Anna: Our affable downstairs heroine strikes up a passing friendship with Lord Gillingham’s valet, Mr. Green, which doesn’t sit well with Bates, who smells a rat, but maybe he’s just jealous because Mr. Green is quite flirtatious with Anna. But no, he’s pretty much a rat. While just about every still-living character from the show listens to Dame Nellie sing Puccini’s “O Mio Babbino Caro” – an ode to love – Anna repairs downstairs for some headache powder and encounters Mr. Green, who violently beats and rapes her. Afterwards, she hides in Mrs. Hughes’ room, explaining to the housekeeper that Bates mustn’t know because he’ll certainly murder the culprit. When it’s time to go home, she tells Bates she wants to walk alone. Oh, this doesn’t bode well for their fairytale relationship.

Quite frankly, Julian Fellowes’ use of this tired soap-opera trope is straight-up lazy. He’s proven he can elevate the genre, so why fall back on the same-old devices? Boo.

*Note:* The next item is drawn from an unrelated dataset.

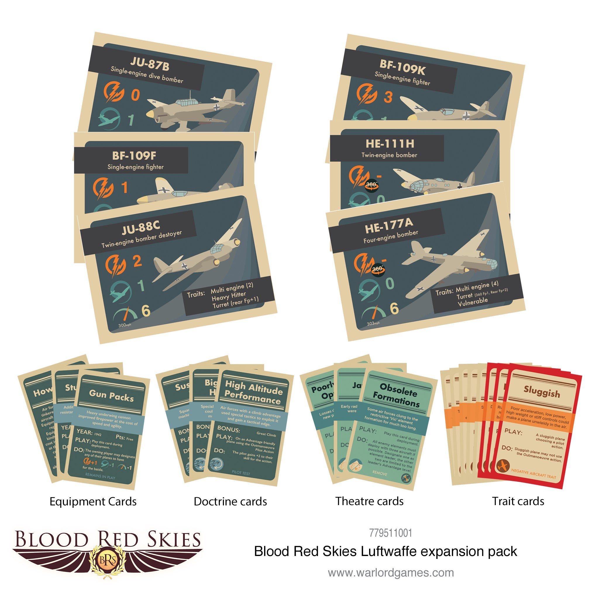 Blood Red Skies is constantly evolving with new aircraft, cards, rules and scenarios. This pack gives you a good selection of recently released German cards and profiles.
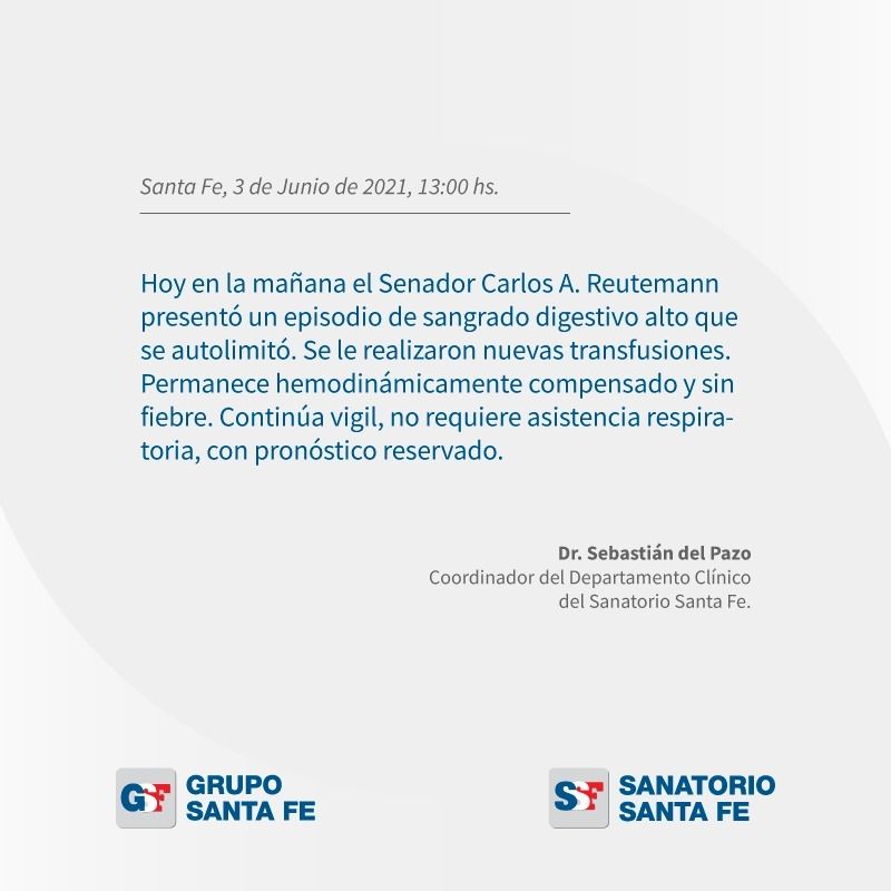 "Hoy en la mañana el Senador Carlos A. Reutemann presentó un episodio de sangrado digestivo alto que se autolimitó. Se le realizaron nuevas transfusiones. Permanece hemodinámicamente compensado y sin fiebre. Continúa vigil, no requiere asistencia respiratoria, con pronóstico reservado", expresa el comunicado.

Odds and sods: We learn that the guest rooms in Downton have names like “the Chinese” and “Princess Amelia,” and that despite his own rather low-class status, Carson is as classist as his boss, tutting over the fact that Lady Raven has no maid and lives in an old house “north of the park.” He also gets in hot water with Cora and LG for arranging for Dame Nellie Melba (played by real-life world-famous opera singer Kiri Te Kanawa), the world-famous opera singer, to have dinner in her room as opposed to rightfully acknowledging her status as an honored guest and arranging for her to dine with the rest of the party.

Meanwhile, Mrs. Patmore, who apparently has never cooked for a large party during her long tenure at Downton Abbey, is freaking out and has an anxiety attack, allowing Alfred to step in and prepare the sauces for the meal. Alfred later confesses that cooking is what he wants to do, an interesting inversion of the gendered labor roles in this particular universe. Some of the fetishistic detail of upper-class life reappears, in the form of staff measuring the distance between the chairs and the dining-room table. More of this, please, and less rapey bullshit.

Dowager Countess Zinger Count: 8. To Branson: “If I were to search for logic, I should not search for it among the English upper class.” To Mary: “Don’t use me as an excuse. If you don’t want to dance, tell him.” “You can always rely on Puccini,” to Isobel, who replies that she prefers Bartok. “You would.”